One of the things that I like in D is the plasticity of the code. In the situation that brought me to this issue, I started with a plain slice which I iterated with foreach(i, foo; foos). Then `foos` became a range, and the foreach became foreach(i, foo; foos.enumerate); Thus, I didn't have to restructure my foreach iteration, moving the index variable outside the foreach statement, and manually incrementing the index, making this change less disruptive.

Some thoughts about this:

- It doesn't strike me as very realistic to remove support for foreach(i, e; range.enumerate) now, as probably a lot of people are relying on this. I find it very useful, especially as currently there doesn't seem to be a good alternative.

- The plasticity was not perfect in my example; ideally I wouldn't have to change the foreach statement at all (i.e., add .enumerate). Consider: my range had random access, why couldn't foreach itself generate the index, as it does for slices, instead of relying on .enumerate and tuple unpacking?
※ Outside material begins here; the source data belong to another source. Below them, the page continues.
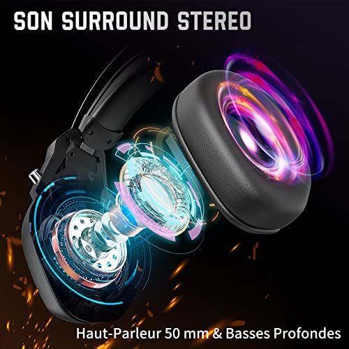 Stéréo de haute qualité: Le casque gaming combiné à une technologie audio avancée pour fournir un son surround analogique multichage de haute qualité qui vous permet d’entendre clairement les positions de tir à proximité.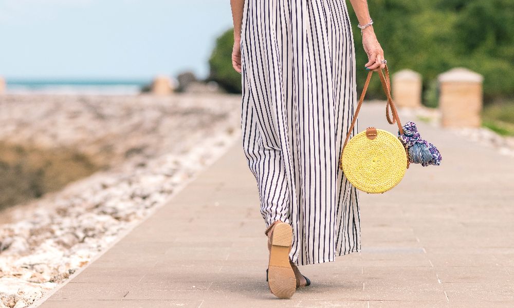 Вещи с изображением пальм и пляжей не под запретом даже в случае отпуска в городе. Брюки из тонкого льна с тропическими мотивами от Balmain будут отлично сочетаться с нейтральным верхом – например, хлопковым свитшотом Versace. Идеально завершат ансамбль греческие сандали бамбукового цвета Valentino и сумка-пазл с эффектом металлик Loewe.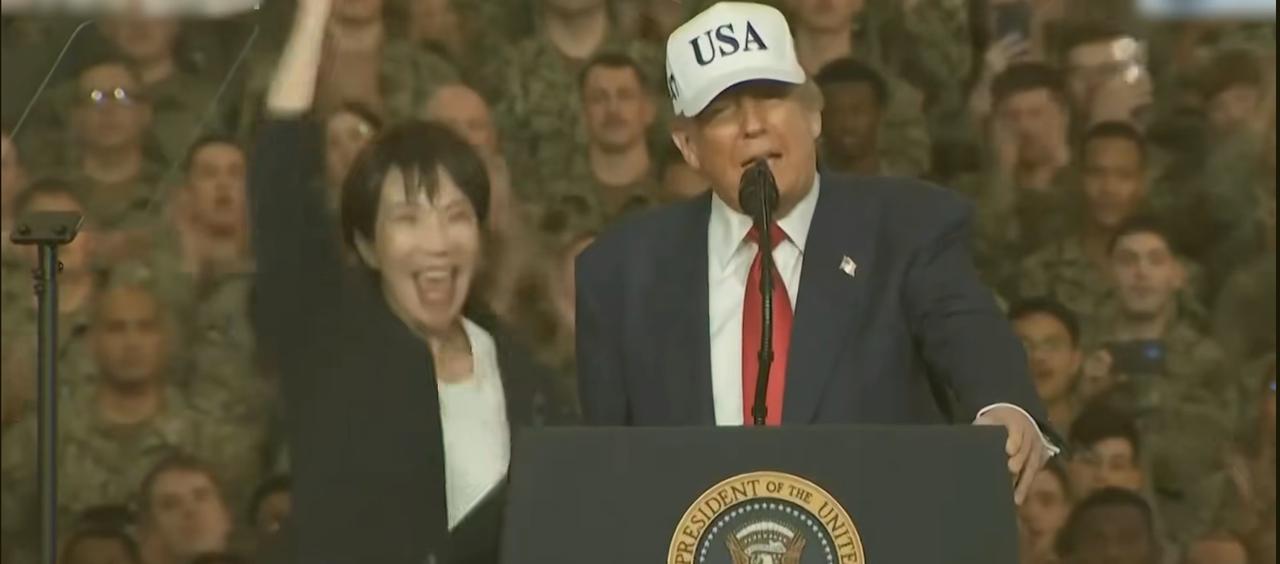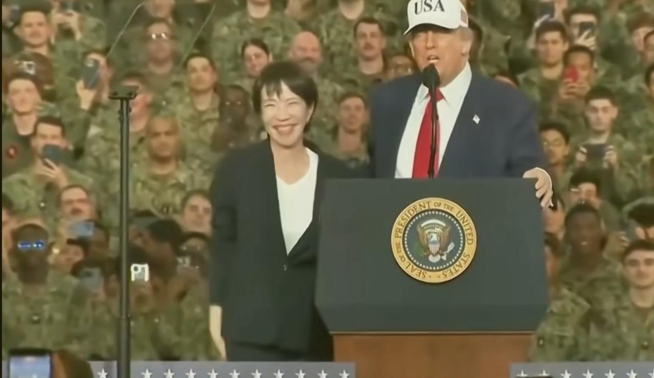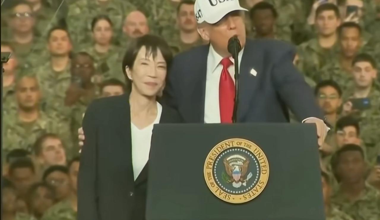 看这“拉丝”的眼神,我怎么有一种“绝经的她爱上了绝精的他”的既视感呢!不知道高市早苗老公高市拓看到这个画面,会不会把今年刚因为脑梗导致的偏瘫给治(chòng)好。无能的丈夫,跪舔的妻子,隔壁的霸道总裁,剩下的就不说了。 怎么说呢,错过了她的青春期,切不能错过她的更年期! 在共同前往横须贺美军基地时,特朗普破格允许高市早苗一同乘坐“海军陆战队一号”直升机。到了美军横须贺基地之后,当特朗普称赞高市为“赢家”和“日本史上首位女首相”时,她竟像追星少女般雀跃起来,围着特朗普转圈。这一反常举动被镜头捕捉,迅速在社交媒体上传播,引来了一众国际网友热评。 横须贺基地的海风吹过航母甲板,高市早苗站在特朗普身侧,她的微笑被镜头永久定格,终将成为日本外交史的尴尬注脚,再亲密无间的表象,也难以掩饰利益交换的冰冷实质,最后只会留下一堆笑料。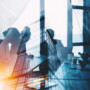 Business people collaborate together in office. Double exposure effects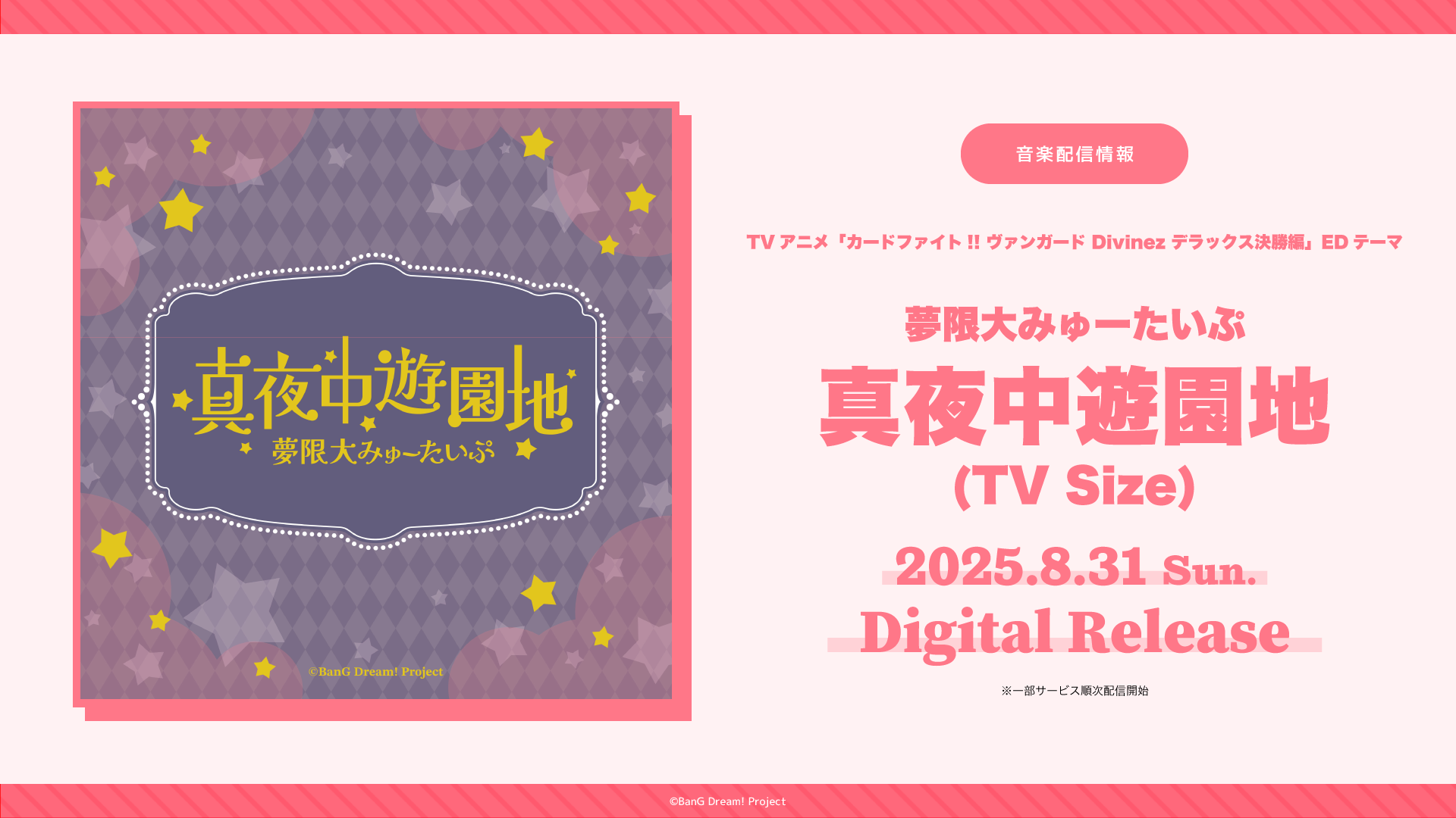 2025年7月より放送のTVアニメ「カードファイト!! ヴァンガード Divinez デラックス決勝編」のEDテーマをバンドリ!の10バンドが週ごとに担当!
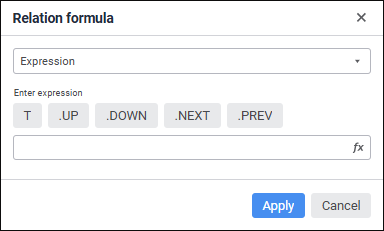 Expression. Applying the relation results in the element, which index is calculated by the specified expression. The expression is set using the button located next to the edit box or the expression editor. An expression should be started from the current dimension element, to do this, use the T button. Next, one can specify the shift, for example, T.PREV, T.PREV.UP, T.UP.NEXT, and so on. Use the buttons to create an expression: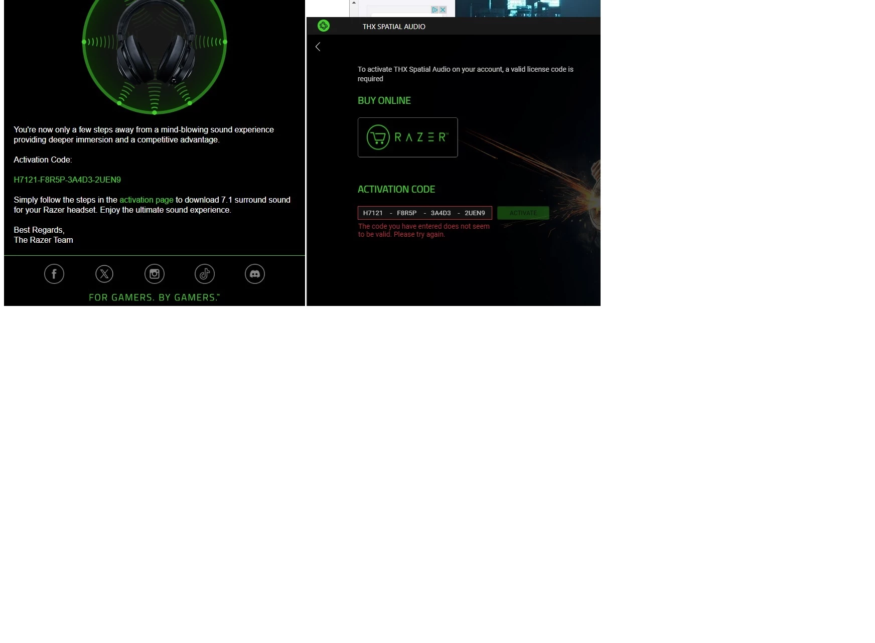 I bought today an Kraken X Lite headset and when I try to activate my headset on thx spatial , I get a message that the code is invalid . Can you help me please ? I got the activation code via e-mail. Thank you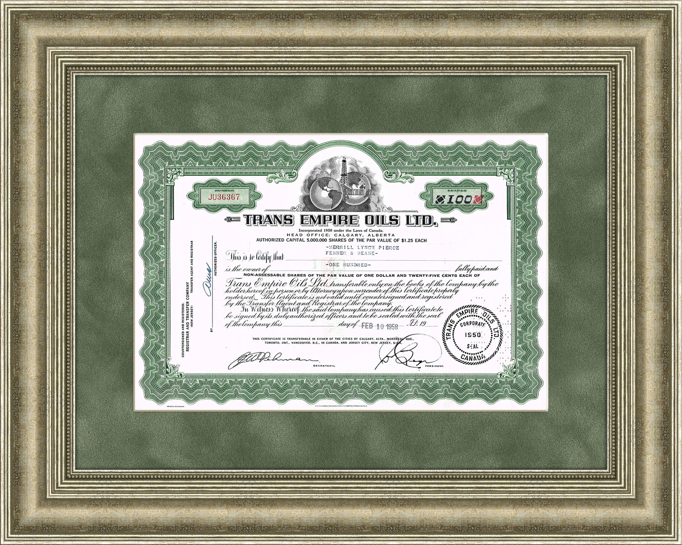 Нефтяная компания Trans-Empire Oils ltd, сертификат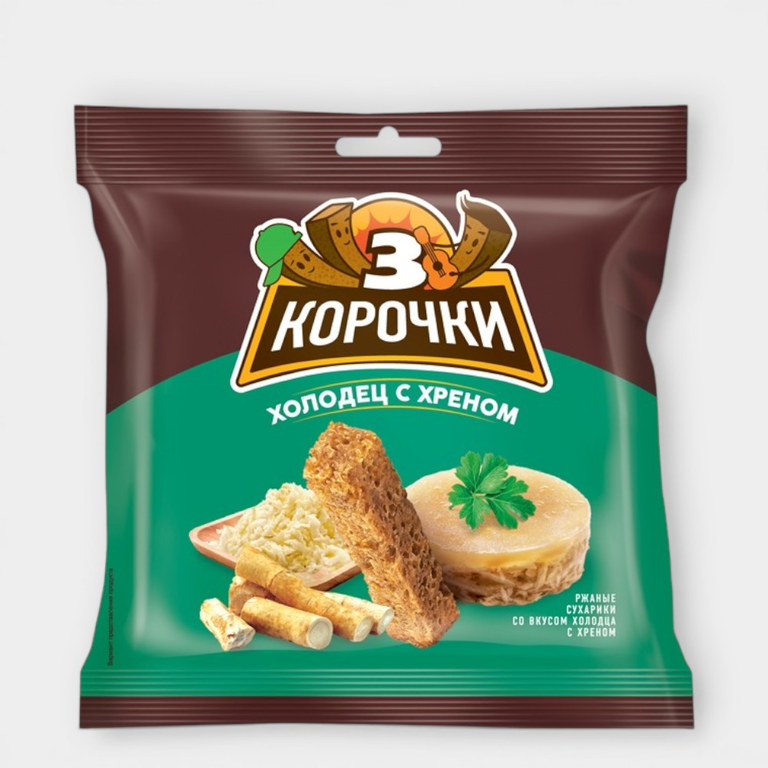 Сухарики «3 Корочки» со вкусом холодца с хреном, 100 г

Maybe it would even make sense for input ranges, I'm not sure.

- Whatever changes you decide for tuple unpacking and foreach, please try to keep in mind this plasticity concern. I'm trying some techniques to make data-oriented designs more flexible, and this feature seems like an important tool for the approach I'm following/devising.

- Since foreach with ranges and unpacking (i.e., indices when using .enumerate) seems here to stay for now, please document it. The code I was writing was supporting material for an article. But I'm afraid to advocate an approach which relies on behavior which is undocumented and which people are arguing should be removed. Not exactly confidence inspiring...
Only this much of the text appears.